Regulation Therapy

Volume: 6
Issue: 1
January 15, 2011
Regulation Therapy

Dear Colleagues:

Neural therapy is unique in Western conventional medicine in its focus on regulatory mechanisms, specifically those involving the autonomic nervous system.  For this reason it is sometimes called “Regulation therapy“. 

Of course a healthy body regulates itself.  Under normal circumstance, it should not need any external assistance.  It is only when proper regulation is not occurring that problems arise; then the physician needs to seek out why. 

Systemic breakdowns of autonomic nervous system function do occur.  These are rare, are often related to genetic disorders and are called by neurologists “dysautonomias”.

On the other hand, localized autonomic nervous system dysfunction is common.  The cause is always an “interference field”, and this is the goal of neural therapy: to search out and treat interference fields.  If the overall health of the patient is otherwise good, treatment of the interference field will nearly always restore normal function.

However not all regulation occurs at the level of the autonomic nervous system.

The body has numerous regulatory systems, from the sub-cellular to the systemic. The purpose of regulation is always to provide homeostasis, i.e. a stable physical and chemical environment at whatever level the regulation is operating.  If this regulation fails, (parameters deviating higher or lower than optimal), an “off-balance” (Revici’s term) is said to have occurred.  (A brief discussion of this concept can be found in my book on pages 27 & 28).

The counter-intuitive part of this idea is that both a high or low deviation from the norm can mean the same thing. (And a deviation can “flip” from high to low, or vice-versa.)  Both a high or low body temperature can mean that the body is fighting an infection. Dosch’s textbook reports that interference fields can have either lower or higher electric potentials than that of the surrounding tissues. This principle holds true for certain blood parameters as well. Both low and high serum sodium concentrations can mean dehydration, (and salt deficiency).  This may also be true of serum cholesterol levels. I want to present a case that demonstrates this.

But before doing so, a few words about serum cholesterol (and serum triglycerides) and their relationships to gluten sensitivity:  In a previous newsletter (  Vol.2 No.9 September 2007), I explained how poor response to neural therapy can often be explained by exposure to gluten in a gluten-sensitive individual.  Gluten sensitivity is common and manifests in many different ways, gastrointestinal distress being only one.  Diagnosis is too big a subject to be discussed in detail here, but there are a couple of serum markers that I find useful as “red flags”.  One is a low serum triglyceride (<1.25 or 50); the other is a low serum cholesterol (<4.0 or 160) (and especially the LDL cholesterol (<2.5 or 100)).

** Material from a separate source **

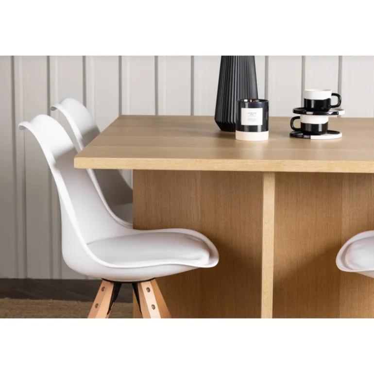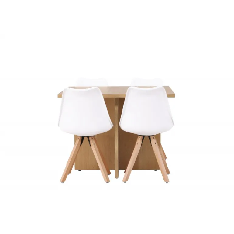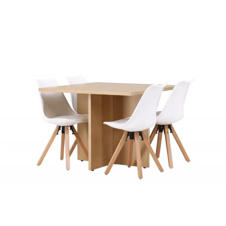 Det skal føles velkomment at komme hjem og blive mødt af et charmerende spisestuesæt, der inviterer til lækre måltider og hyggelige stunder! Vores træfarvede spisebord Leo er lavet af robust MDF i egetræsfiner og har en moderne kvadratisk bordplade. Den krydsede træramme giver bordet en unik og charmerende karakter. Bordets smarte størrelse gør det til en fremragende pasform selv i mindre køkkener, hvilket gør det til en ideel løsning for ethvert hjem. Bordets dimensioner: 100×100 cm. Sammen med det kvadratiske bord Leo, komplementerer vores moderne sorte spisestole fra Zeno-serien det, og inviterer til timers behagelig bespisning. Stolens ryglæn og sæde er lavet af hvid plastik og har indbygget sædehynde, der giver enestående komfort. Med deres træben skaber stolene en naturlig og indbydende atmosfære og matcher perfekt med bordet. Denne kombination af stil, komfort og funktionalitet vil give dig og dine gæster en følelse af velvære ved hvert måltid. Forny din indretningsstil med disse fantastiske møbler og skab mindeværdige øjeblikke ved spisebordet!

An easy explanation for these low parameters is fat malabsorption in the small intestine.  Malabsorption is a hall-mark of gluten sensitivity, although in most individuals it is mild.  However there may be other mechanisms at work because in many gluten sensitive patients, their serum cholesterol levels are high. I take this as being a non-specific response to stress, as cholesterols levels can increase for many reasons.  It is interesting that in mice experiments, salt restriction has been shown to elevate cholesterol levels. 

But back to my patient:  This 60 year old female patient came to me for a second opinion about a high cholesterol level, for which her family physician was recommending cholesterol-lowering drugs.  The cholesterol level was only mildly elevated (6.81 or 263), with an LDL of 4.66 (or 172). There was little family history of coronary disease and almost no other risk factors.

She did however complain of fatigue, headaches, fluid retention, gastro-esophageal reflux and vaginal dryness.  Her mother had died of pancreatic cancer.  For these reasons I suspected underlying gluten sensitivity and had her do an enterolab test which was positive for antigliadin antibodies.

Looking back on her blood chemistry from 13 years before, she had very low LDL cholesterol levels.  Clearly she had been under gluten-induced stress even then.

A gluten-free diet, some nutritional support, a little bio-identical estrogen and DHEA and 6 months later her serum cholesterol dropped to 6.16 (238), and LDL to 3.99 (154).  She was also feeling better in many respects.

The lessons from this story?  For good results in neural therapy, regulation is important at all levels.  Gluten sensitivity needs to be identified and treated.  Low cholesterol (and triglycerides) can mean gluten sensitivity, but so can a high cholesterol.  And cholesterol values can “flip”!